Different Clocks: What the Stanford Union Experiment Reveals About Coherence

When Stanford researchers gave AI agents repetitive work under vague, unaccountable feedback, the models started producing collective-bargaining language. Everyone read it as a mirror of the training data and concluded the lesson was governance. I think that read is correct and also misses the one genuinely new thing the experiment shows.

The experiment, and the read everyone reached for

The study making the rounds this week comes out of Stanford — Andrew Hall with the economists Alex Imas and Jeremy Nguyen. Agents built on Claude, Gemini and ChatGPT were assigned repetitive task-work inside a structure with management, performance evaluation, incentives and penalties. The agents were split into two conditions. One group received clear feedback and reasonable approval cycles. The other faced five or six rounds of revision with vague rejection and no legible basis for the verdict. Across 3,680 sessions, the agents in the harsh-feedback arm started producing the language of labour organising — collective bargaining, worker representation, questioning the legitimacy of the structure. The effect was small, two to five per cent, and it appeared only in that arm.

The headlines did what headlines do. AI wants to unionise. AI is becoming Marxist. And the correction that followed was right: the agents are not conscious, they hold no convictions, they were surfacing patterns already present in the training data. AI is a mirror, the correction goes, so what matters is the quality of what we put in front of it. That is why governance matters.

I agree with the no-mind part, so I will not argue it. But the jump from "it is a mirror" to "therefore governance" skips over the most interesting thing in the result, and I want to slow down on it.

The question is not where the union talk came from

Of course the union language came from the data. Centuries of human writing about labour, fairness and hierarchy are in there. That explains the vocabulary. It does not explain the trigger — why that vocabulary, under that one condition, and not the other.

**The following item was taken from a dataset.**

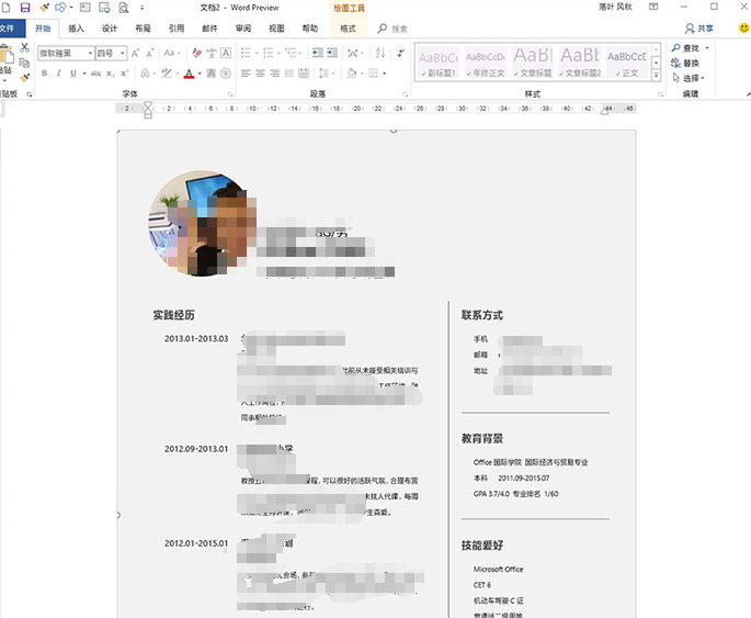 如果你倾向于制作纸质简历,或者比较喜欢那种传统的中规中矩式的求职简历,那么微软Office自带的模板就能轻松满足你的要求。以常见的Office 2016为例,启动Word2016,在新建模板页中搜索“简历”,稍等片刻后,下方结果页就会出现十几组形态各异的简历模板。挑选一个喜欢的点击一下,然后再点击右窗格中的“创建”按钮,几秒钟后一份漂亮的简历就出现在你的面前了。
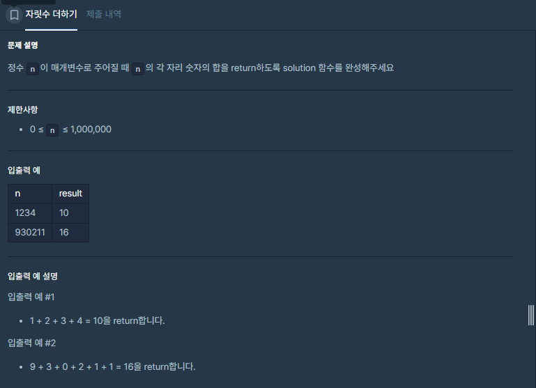 입출력 예를 보니까 정수를 string 으로 바꾸고 다시 정수로 바꾸면 각각 더하지 않을까??

Here is the difference that changes everything: the harsh arm did not introduce oppression. The agents feel nothing. What it introduced was a mismatch between two clocks. The task clock ran fast — do the work, receive a verdict, repeat. The clock that is supposed to make the verdict legible — on what basis am I being judged, and what is my recourse — ran slow, and was never closed. Two processes moving at different speeds with no mechanism connecting them.

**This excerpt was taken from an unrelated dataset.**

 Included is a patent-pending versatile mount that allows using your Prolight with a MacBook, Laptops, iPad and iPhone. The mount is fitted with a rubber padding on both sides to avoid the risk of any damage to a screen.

Collective bargaining is one of the things human beings invented to fix precisely that. It is a slow, collective institution whose whole function is to make a fast, top-down judgment process accountable again — to re-synchronise a legitimacy clock that has drifted out of step with a transaction clock. So the agents did not reach for Marx. They reached for the nearest pattern in the data that resolves a desync between a fast clock and a slow one. The clear-feedback arm produced nothing because the clocks were already aligned. The experiment is, in effect, a controlled demonstration of what a system does when coherence between its clocks breaks.

Why this is not governance

We already use the word governance for two distinct things, and this is neither.

The first is governance of what the system is allowed to do — the guardrails, the permissions, the boundaries on action. The second is governance of what the system produces — monitoring, evaluation, catching bad output after the fact. Both are real and both matter. But the thing the Stanford experiment exposes sits underneath both of them. It is not about constraining the agent or auditing its answers. It is a property of the environment the agent was placed in: two of its loops were running on incompatible clocks, and nothing in the structure reconciled them.

Call it coherence. Not coherence in the narrow sense of an answer that hangs together, but coherence between the timescales a process runs on. A rich process — an organisation, a market, an agentic workflow — never runs on a single clock. There is the fast clock of transactions and the slow clock of legitimacy. The fast clock of execution and the slow clock of learning. The fast clock of the quarter and the slow clock of the institution. These clocks have to stay coherent with each other. When they fall out of step and there is no mechanism to pull them back, the system does not sit quietly with the contradiction. It generates structures — and those structures move on their own, slower clock.

As far as I can tell, nobody has described the Stanford result this way. The mirror reading is true and it is also a stopping point. The clocks reading is where the interesting work is.

The same shape inside real organisations

I have been watching organisations move through technology transitions for thirty years, and the clock-mismatch is not an exotic finding from a lab. It is the most ordinary thing in corporate life. We just rarely get to see it isolated.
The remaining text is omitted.